From her first hours in the job, the prime minister has prioritised a series of measures on energy policy to head off the cost of living crisis.
She will unveil a cap on energy price rises – though without extending the windfall tax on producers – freezing the average household energy bill at £2,500 a year.
She has also signalled a push to extract more gas and oil from the North Sea, accelerate the new licensing of North Sea oil and gas fields, and lift the moratorium on fracking, to try to increase gas production.
On Wednesday, the former Conservative environment secretary Lord Deben and Sir John Armitt, who chair the Committee on Climate Change and the National Infrastructure Commission respectively, wrote to Truss warning that ramping up gas production would not solve the problem.
They wrote: “The UK cannot address this crisis solely by increasing its production of natural gas. Greater domestic production of fossil fuels may improve energy security, particularly this winter.
“But our gas reserves – offshore or from shale – are too small to impact meaningfully the prices faced by UK consumers.”
The letter marks the first time the chairs of the independent advisory bodies have written jointly to a prime minister.

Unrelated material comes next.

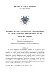 | Uncontrolled Keywords: | Bank Indonesia, Jumlah uang beredar, Kebijakan moneter, Money supply, Monetary policy |

They advised Truss, along with the incoming chancellor and business secretary, to focus instead on bringing down energy demand from consumers and businesses.
“Energy security and reducing the UK’s exposure to volatile fossil fuel prices requires strong policies that reduce energy waste across the economy and boost domestic production of cheap and secure low-carbon energy,” they wrote in the letter, seen by the Guardian.

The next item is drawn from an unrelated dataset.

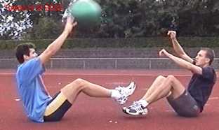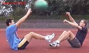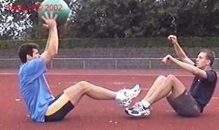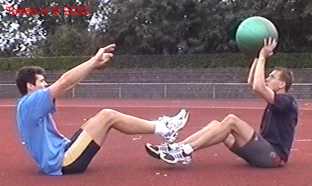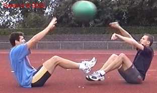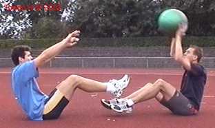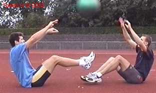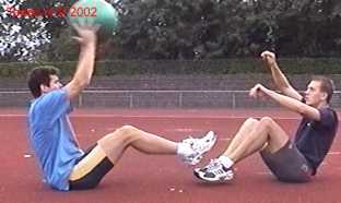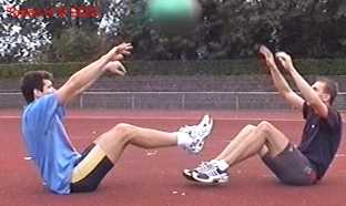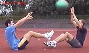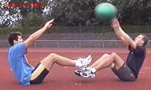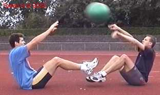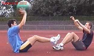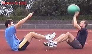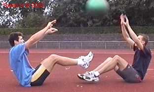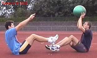 Atleet zit op zijn achterste met de voeten net van de vloer. Alle hoeken zijn zoveel mogelijk 90gr. De bal wordt net boven hoofd hoogte aangegooid en zoveel mogelijk terug gekaats (als met volleybal).

This would necessitate policies such as home insulation, requiring public agencies to improve the energy efficiency of their buildings, setting up an energy advice service for consumers, and increasing renewable energy generation, particularly onshore wind and solar power.

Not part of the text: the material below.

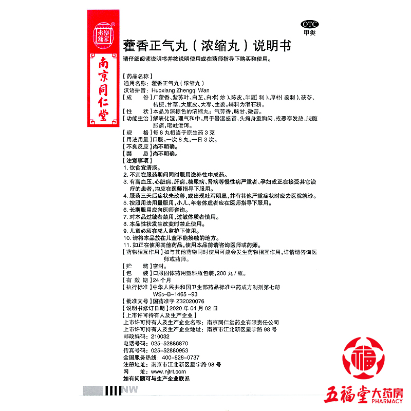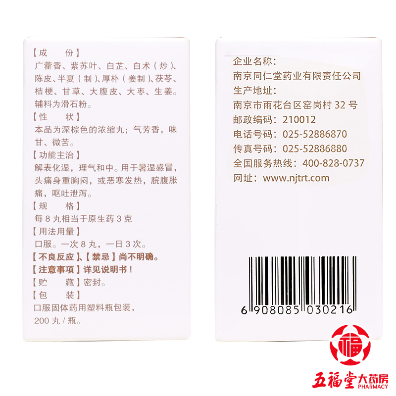 南京同仁堂乐家老铺藿香正气丸200丸浓缩丸腹泻头痛感冒药 包邮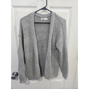 Hollister Womens XS Gray Open Front Pointelle Knit Cardigan Sweater 350S2251

“Renewables are the cheapest form of electricity generation. Onshore wind and solar have the potential to be deployed fastest and thus reduce our reliance on natural gas sooner,” they wrote.
Truss has said little so far on how she would improve home insulation, as the scrapping of the green homes grant last year has left the UK without a nationwide insulation scheme for those on average incomes. She has vowed to remove green levies, potentially including those that pay for insulation for poor and vulnerable households.
During her campaign for the Tory leadership, she also firmly rejected lifting the barriers in the planning system to onshore wind and solar farms.
At least 15 million homes require energy efficiency improvements, but the most recent year in which a large number of homes were insulated was 2012. Since then, the “stop-start nature of energy-efficiency policy is hampering development of the supply chain,” the letter said.
The Committee on Climate Change warned earlier this year that increasing the production of gas from the North Sea was unlikely to bring down gas prices and could endanger the UK’s target of reaching net zero emissions by 2050.
Deben and Armitt wrote that up to three-quarters of UK households are threatened by fuel poverty.
“The OBR expects natural gas to remain expensive, at three to four times the average pre-invasion [of Ukraine] price, until 2027. Ninety per cent of the recent increase in the energy price cap is driven by changes in the price of gas. Addressing our dependency on fossil energy offers us the best way out of these crises,” they wrote.
“The best policies for the consumer are those that support lasting energy security and a low-carbon, low-cost energy system. The independent analysis of our respective organisations is that this will deliver a long-term return on investment and set the UK on a path to prosperity.”